Extract the Colors from Images.

A pure R implementation of the median cut algorithm. Extracts the dominant colors from an image, and turns them into a scale for use in plots or for fun!

RImagePalette

cran version

Extract colors from an image, then use them in plots or for fun!
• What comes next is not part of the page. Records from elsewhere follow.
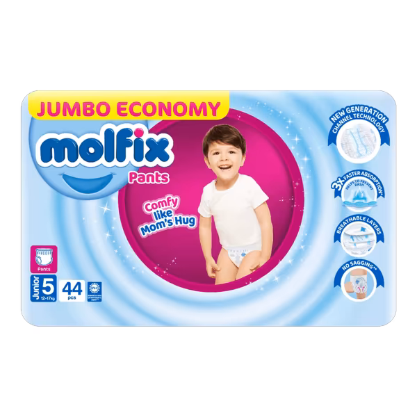 Molfix Pants Size 5 Jumbo Pack ensures quick absorption and a secure fit for active babies. Prevents irritation and allows for all-day comfort, while the absorbent core locks in moisture, making them ideal for long hours of play or sleep. Buy Molfix Pants Size 5 Jumbo Pack (44 pcs) to support your babys playtime!
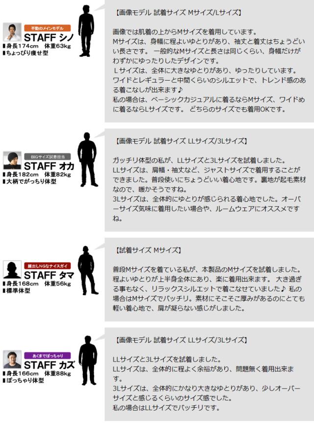 ■上記掲載画像のモデルは身長174cm・体重63kgでMサイズを着用しております。
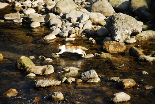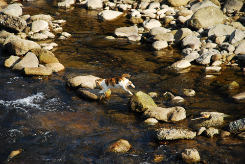 三花很自在的在溪上石頭跳來跳去

The RImagePalette package is a pure R implementation of the median cut algorithm for extracting the dominant colors from an image. This package lets you use the colors from an image you like to create pretty plots, or to swap colors from one image to another.

Install from CRAN using:

install.packages("RImagePalette")

Or from github, using:

devtools::install_github("joelcarlson/RImagePalette")

Viewing Palettes

It's simple to create palettes from an image using the image_palette() function:

library(RImagePalette)

#Load an image
lifeAquatic <- jpeg::readJPEG("figs/LifeAquatic.jpg")
display_image(lifeAquatic)
#Create a palette of 9 colors
lifeAquaticPalette <- image_palette(lifeAquatic, n=9)
scales::show_col(lifeAquaticPalette)

Not happy with the results? We can tweak some settings until the scale is to our liking:

lifeAquaticPalette <- image_palette(lifeAquatic, n=9, choice=median, volume=TRUE)
scales::show_col(lifeAquaticPalette)

If it contains colors we like, we can pick and choose, and use them as a scale:

library(ggplot2)
#Create plot
p <- ggplot(data = iris, aes(x=Species, y=Sepal.Width, fill=Species)) + geom_bar(stat="identity")
#Apply scale
p + theme_bw() + scale_fill_manual(values=lifeAquaticPalette[c(2,3,6)])

Images as Scales

RImagePalette can create both discrete and continuous scales from images for use with ggplot2 using the new scale_color_image (or for plots requiring fills, the scale_fill_image()) function:

#Load an image
desert <- jpeg::readJPEG("figs/Desert.jpg")
display_image(desert)

Discrete Scale

#Create plot
p <- ggplot(data = iris, aes(x=Sepal.Length, y=Sepal.Width, col=Species)) + geom_point(size=3)
#Add discrete scale from image
p + theme_bw() + scale_color_image(image=desert)

Continuous Scale

#Create plot
p <- ggplot(data = iris, aes(x=Sepal.Length, y=Sepal.Width, col=Sepal.Length)) + geom_point(size=3)
#Use discrete=FALSE for a continuous scale
p + theme_bw() + scale_color_image(image=desert, discrete=FALSE) 

Quantizing Images

Note: This feature is experimental at the moment, and as such is non-optimized, and slow. You must install from github to access the quantize_image function

We can also quantize images into a discrete number of colors using the quantize_image function:

#Load the famous mandrill
mandrill <- png::readPNG("figs/mandrill.png")

#Quantize using 7 colors
quant_mandrill <- quantize_image(mandrill, n=7)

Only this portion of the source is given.